Section 7.1.3: Bitwise Tricks and Techniques
Exercise 140. [27] [27] Design an economical full adder for balanced ternary numbers: Show how to compute signed bits u and v such that 3u + v = x+ y + z when x, y, z ∈{0, +1, −1}.
Verified: yes
Solve time: 1m18s
Setup
Let $x,y,z \in {0,+1,-1}$. Let
$s = x+y+z.$
Then $s \in {-3,-2,-1,0,1,2,3}$.
We seek signed bits $u,v \in {0,+1,-1}$ such that
$3u + v = s.$
The task is to define $u$ and $v$ as functions of $s$ and verify that both always remain signed bits and satisfy the identity for every admissible value of $s$.
Solution
Define $u$ and $v$ by the following case analysis on $s$.
For $s = 3$, take $u = 1$ and $v = 0$, giving $3u+v = 3$.
For $s = 2$, take $u = 1$ and $v = -1$, giving $3u+v = 3-1 = 2$.
For $s = 1$, take $u = 0$ and $v = 1$, giving $3u+v = 1$.
For $s = 0$, take $u = 0$ and $v = 0$, giving $3u+v = 0$.
For $s = -1$, take $u = 0$ and $v = -1$, giving $3u+v = -1$.
For $s = -2$, take $u = -1$ and $v = 1$, giving $3u+v = -3+1 = -2$.
For $s = -3$, take $u = -1$ and $v = 0$, giving $3u+v = -3$.
This defines a function $(u,v)$ on all possible values of $s$.

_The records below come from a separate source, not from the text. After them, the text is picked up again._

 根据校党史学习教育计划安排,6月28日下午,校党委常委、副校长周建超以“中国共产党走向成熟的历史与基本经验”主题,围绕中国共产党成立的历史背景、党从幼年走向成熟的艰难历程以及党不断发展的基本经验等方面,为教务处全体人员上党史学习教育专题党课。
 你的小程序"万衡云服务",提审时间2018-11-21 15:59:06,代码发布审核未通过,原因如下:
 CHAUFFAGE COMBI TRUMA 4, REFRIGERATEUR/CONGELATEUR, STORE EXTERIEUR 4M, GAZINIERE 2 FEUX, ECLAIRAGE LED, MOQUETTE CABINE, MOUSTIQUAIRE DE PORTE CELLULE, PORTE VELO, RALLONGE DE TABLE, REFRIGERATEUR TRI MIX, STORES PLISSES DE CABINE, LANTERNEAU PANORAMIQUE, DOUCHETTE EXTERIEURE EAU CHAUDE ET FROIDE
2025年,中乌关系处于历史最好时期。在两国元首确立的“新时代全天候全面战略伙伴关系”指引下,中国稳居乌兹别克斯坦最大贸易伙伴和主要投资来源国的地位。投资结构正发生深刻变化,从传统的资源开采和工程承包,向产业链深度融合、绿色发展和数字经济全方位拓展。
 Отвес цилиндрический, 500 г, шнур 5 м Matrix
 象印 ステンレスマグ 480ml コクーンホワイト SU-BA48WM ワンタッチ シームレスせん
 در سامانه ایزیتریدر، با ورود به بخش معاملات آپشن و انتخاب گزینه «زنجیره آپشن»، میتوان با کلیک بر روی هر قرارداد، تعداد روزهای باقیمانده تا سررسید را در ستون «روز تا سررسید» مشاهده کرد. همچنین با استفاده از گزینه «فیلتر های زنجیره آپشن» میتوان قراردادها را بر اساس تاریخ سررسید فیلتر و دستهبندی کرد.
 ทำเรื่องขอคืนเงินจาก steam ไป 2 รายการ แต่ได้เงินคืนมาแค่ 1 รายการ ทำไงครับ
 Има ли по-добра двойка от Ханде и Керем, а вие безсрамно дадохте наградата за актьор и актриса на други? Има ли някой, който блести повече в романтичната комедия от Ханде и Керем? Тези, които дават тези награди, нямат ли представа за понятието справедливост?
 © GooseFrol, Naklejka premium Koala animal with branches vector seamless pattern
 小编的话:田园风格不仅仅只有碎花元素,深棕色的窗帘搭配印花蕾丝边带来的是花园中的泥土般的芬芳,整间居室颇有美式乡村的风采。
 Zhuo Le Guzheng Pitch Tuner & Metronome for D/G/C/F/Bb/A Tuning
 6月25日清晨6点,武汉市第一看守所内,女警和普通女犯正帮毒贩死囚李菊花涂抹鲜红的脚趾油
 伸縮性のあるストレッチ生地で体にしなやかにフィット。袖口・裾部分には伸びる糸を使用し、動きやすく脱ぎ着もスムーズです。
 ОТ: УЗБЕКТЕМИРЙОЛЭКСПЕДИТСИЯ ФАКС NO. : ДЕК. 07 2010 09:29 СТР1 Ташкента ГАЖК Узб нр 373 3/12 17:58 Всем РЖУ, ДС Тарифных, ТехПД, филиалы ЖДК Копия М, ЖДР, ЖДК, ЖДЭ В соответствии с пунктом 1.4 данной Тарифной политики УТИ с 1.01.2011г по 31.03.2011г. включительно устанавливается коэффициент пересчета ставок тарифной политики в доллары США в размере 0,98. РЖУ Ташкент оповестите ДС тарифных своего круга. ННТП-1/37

Each assignment uses only values from ${0,+1,-1}$, so both $u$ and $v$ are signed bits in every case.
Verification
Each case satisfies $3u+v=s$ by direct substitution.
The mapping covers all possible values of $s$ since $x+y+z$ ranges exactly over ${-3,-2,-1,0,1,2,3}$ for $x,y,z \in {0,+1,-1}$.
For each case, $u$ is chosen so that $3u$ is the unique multiple of $3$ closest to $s$ in ${-3,0,3}$, and $v$ is the signed-bit correction placing the result exactly at $s$. This ensures $s-3u \in {-1,0,1}$ in every case, so $v=s-3u$ always lies in the allowed digit set.
This completes the proof. ∎
Notes
The construction realizes a redundant base-$3$ digit expansion of $s$ with digit set ${-1,0,1}$ at both positions. The most significant digit $u$ captures the coarse ternary magnitude of $s$, while $v$ resolves the residual in a bounded correction step.